Maurice Gerard Moynihan (14 December 1902 – 21 August 1999) was an Irish economist and civil servant who served as the Governor of the Central Bank of Ireland from 1960 to 1969. He was also a co-drafter of the 1937 Constitution of Ireland, Secretary of the Government of the Irish Free State in 1937 and Knight Commander of the Papal Order of St. Gregory the Great in 1959.

==Career==
Moynihan began his civil service career working in the Department of Finance in 1925, and his talent was quickly recognised by Minister for Finance Ernest Blythe. He was promoted to become Private Secretary to the Taoiseach, Éamon de Valera in 1932. He was appointed Secretary of the Department of the Taoiseach, and Secretary to the Government in 1937, in which post he served until 1960. In 1960, he was appointed as Governor of the Central Bank of Ireland, having been a Service Director thereof from 1953 to 1960. He was one of the "architects" of the 1937 Constitution of Ireland.

==Influence and legacy==
He is acknowledged to have played a "central, constructive role in the coordination of government policy generally", and "his contribution to the development of the State was significant and enduring... matched only by his modesty and courteous manner" in the early formative years of the newly independent Irish Free State and later Ireland.

==Honours and tributes==
He was conferred with an honorary Doctorate in Economic Science by the National University of Ireland in 1955, and was invested as a Knight Commander of the Papal Order of St. Gregory the Great in 1959.
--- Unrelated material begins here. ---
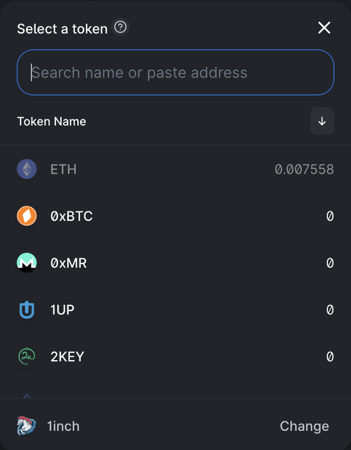 - 위의 그림에서 USDT 오른쪽에 있는 화살표를 클릭하면 “Select a token” 화면이 다음과 같이 표시됩니다.

On his death, he was acknowledged by Mary McAleese, the president of Ireland, as having served his country "with great distinction and integrity, employing the finest qualities in the public service". He was also described as a "most independent civil servant, respected by politicians and civil servants alike", by Professor Patrick Lynch, prominent economist and former Assistant Secretary of the Government. J.J. Lee, professor of history in Cork, described him as "one of the greatest public servants who ever served the State" and "a man in whom the institutions of the State found an absolutely trustworthy protector". He was "imbued with a profound sense of loyalty and commitment to public service". Echoing Professor Lee, he was considered in the view of the Irish Times "one of the greatest civil servants in the State."

==Publications==
- Currency and Central Banking in Ireland – 1922–1960, by Maurice G. Moynihan, published by the Central Bank and Gill & MacMillan, Dublin, 1975.
- Speeches and Statements by Eamon de Valera – 1917–1973, by Maurice G. Moynihan, Gill & MacMillan, Dublin, 1980.